Figure 121

Cerebral adaptation to hyponatremia. A, Decreases in extracellular osmolality cause movement of water (H2O) into the cells, increasing intracellular volume and thus causing tissue edema. This cellular edema within the fixed confines of the cranium causes increased intracranial pressure, leading to neurologic symptoms. To prevent this from happening, mechanisms geared toward volume regulation come into operation, to prevent cerebral edema from developing in the vast majority of patients with hyponatremia.

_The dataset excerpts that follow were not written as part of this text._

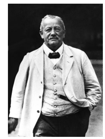
Company founder Karl Kömmerling

Decades of know-how are incorporated in the window system production operations and we soon evolved into a leading systems supplier. The latest system generation of KÖMMERLING 70 with chamfered or ovolo detailing sets unique standards of performance in a PVCu window. It incorporates our comprehensive expertise, decades of research and development work, state-of-the-art CAD and 3D computer modelling and countless tests. This revolutionary window system reflects our commitment to offering best-in-breed products for our customers.
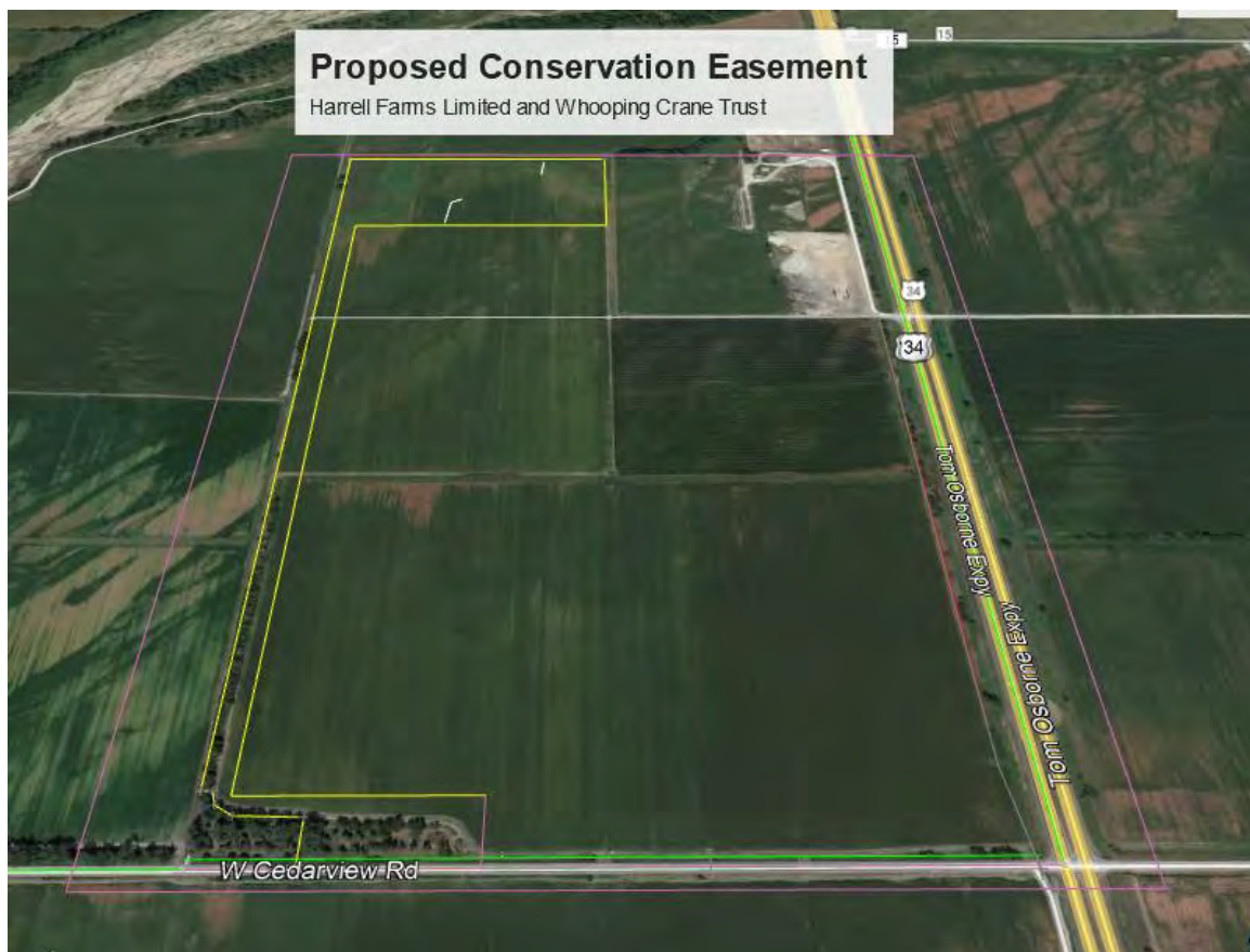
General Location of the the Proposed Easement

Existing land uses: North Farm Ground and River East Cattle Feeding Operation West and South: Farm Ground
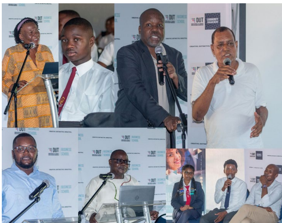
Pictured: Panel speakers and attendees of the Climate Change Pre-Conference.

The Climate Change Pre-Conference set the stage for the main conference, which took place on the 26–27 February 2025 at the Coastlands Hotel. The event underscored the urgency of addressing
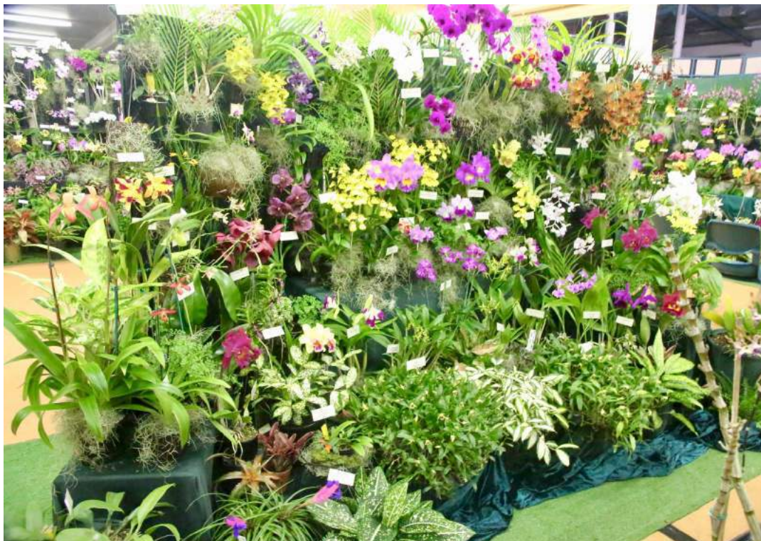
Our display at Gympie Show
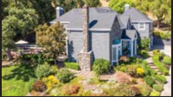
4450 Walnut Boulevard, Walnut Creek 5 Bed | 4 Bath | $2,150,000 4450WalnutBlvd.com
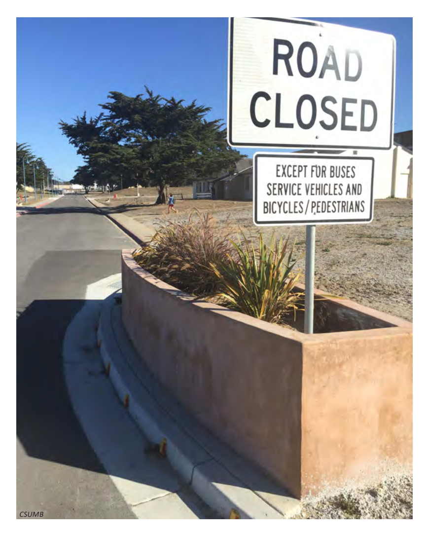
Divarty Mall will become a pedestrian mall, with some similar traits, such as special paving, as the closed portion of Sixth Avenue (above).

Residential open spaces contribute to the quality and character of the Campus residential neighborhoods, and provide areas for socialization and the informal interactions for students. These vary in size from large spaces for recreation and events to more intimate spaces for small group gathering and studying.
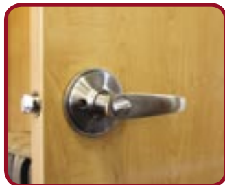
A robust washroom door handle - well-made, like the rest of the 524
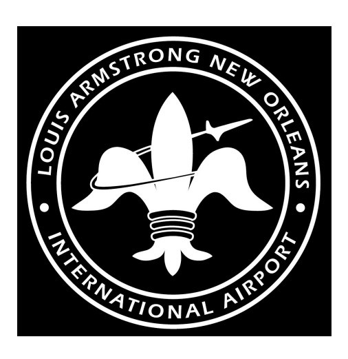
White color reversed for dark backgrounds only
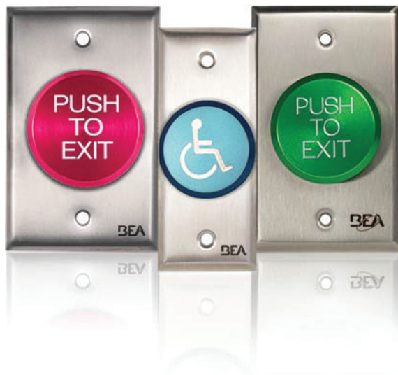
SHOWN ABOVE: SINGLE STYLE WITH RED AND GREEN 2 INCH BUTTON JAMB STYLE WITH BLUE 1 5/8 INCH BUTTON
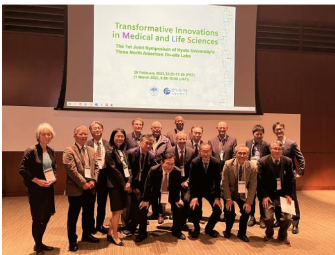
1st Joint Symposium of Kyoto University's North American On-site Labs
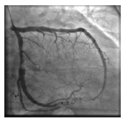
Figure 2. Right anterior oblique view of left coronary angiogram showing ectasia of the left anterior descending and left circumflex arteries. Note the luminal irregularities suggestive of non-obstructive atherosclerosis.
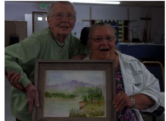
The Morning Guys
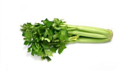
Celery Céleri branche
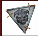
RIGHTEOUS MEDAL OF AGILITY
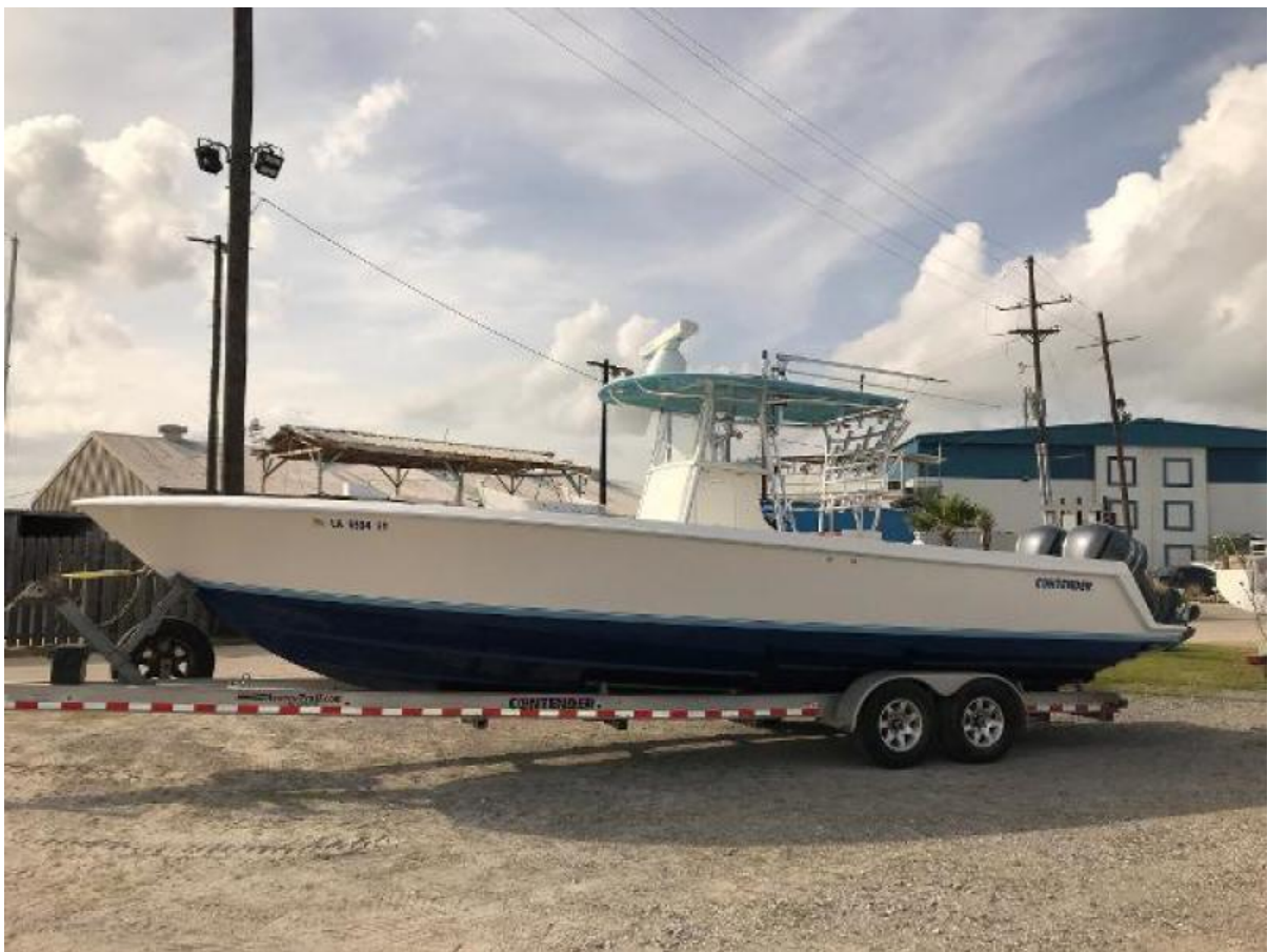
2010 Contender 32 ST
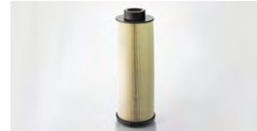
Engine Oil Filter
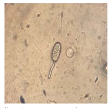
A. Showing emergence of germ tube
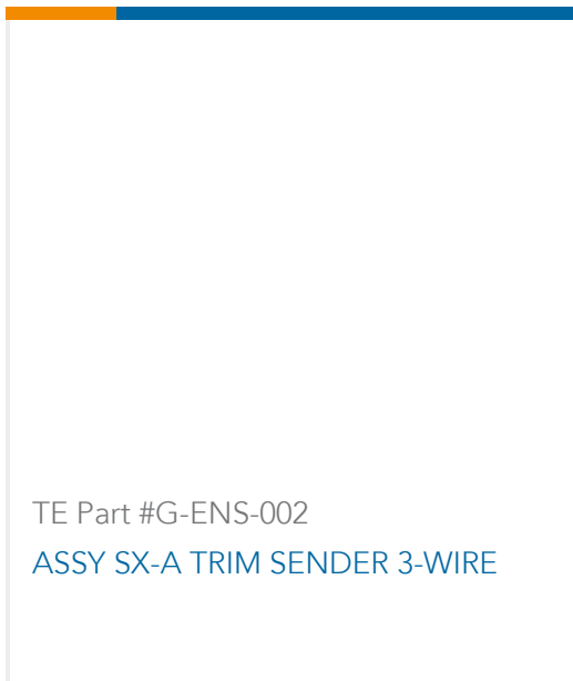
TE Part #G-ENS-002 ASSY SX-A TRIM SENDER 3-WIRE
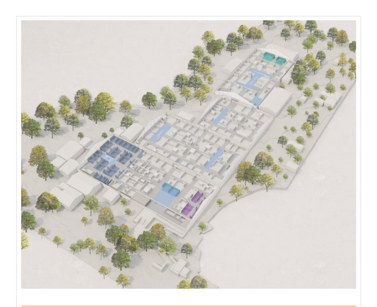
Overall Diagam © A Studio Between

Enhanced Visitor Amenities : The redesign also focuses on improving the visitor experience, including comfortable seating areas, new dining options and enhanced accessibility features. The aim is to provide a welcoming and inclusive environment for all attendees.
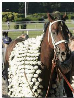
JAZIL 1st G1 Belmont S.
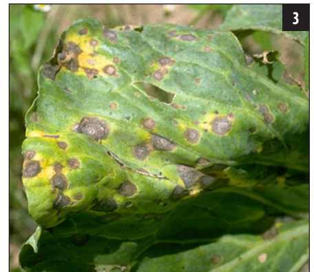
Black rot on leaves of savoy cabbage.
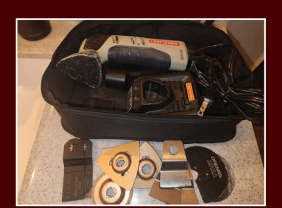
Craftsman 12-Volt Cordless Multi-Tool, Bag, Charger, & Extra Attachments. $40
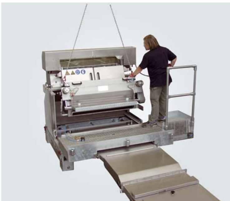
Cutting head quick-change
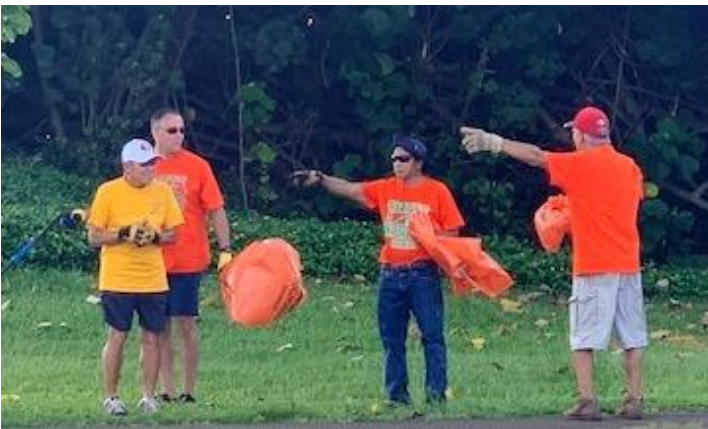
"You'll find more trash over there!"
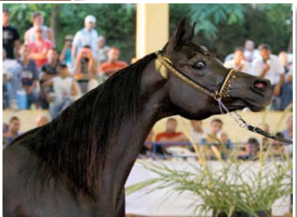
The Vision © Shira Yegar

It is small wonder that when one thinks of The Vision, one think first of extraordinary type and exquisite beauty, for these traits are considered the strongest and most consistent
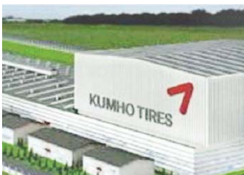
KUMHO TIRES Factory, Binh Duong 2 Cargo lifts 5000kg, 0.5 m/s

After induction of extracellular fluid hypo-osmolality, H2O moves into the brain in response to osmotic gradients, producing cerebral edema (middle panel, 1). However, within 1 to 3 hours, a decrease in cerebral extracellular volume occurs by movement of fluid into the cerebrospinal fluid, which is then shunted back into the systemic circulation. This happens very promptly and is evident by the loss of extracellular and intracellular solutes (sodium and chloride ions) as early as 30 minutes after the onset of hyponatremia. As H2O losses accompany the losses of brain solute (middle panel, 2), the expanded brain volume decreases back toward normal (middle panel, 33) [15]. B, Relative decreases in individual osmolytes during adaptation to chronic hyponatremia. Thereafter, if hyponatremia persists, other organic osmolytes such as phosphocreatine, myoinositol, and amino acids like glutamine, and taurine are lost. The loss of these solutes markedly decreases cerebral swelling. Patients who have had a slower onset of hyponatremia (over 72 to 96 hours or longer), the risk for osmotic demyelination rises if hyponatremia is corrected too rapidly [18,19]. Na+—sodium; K+—potassium; Cl-—chloride.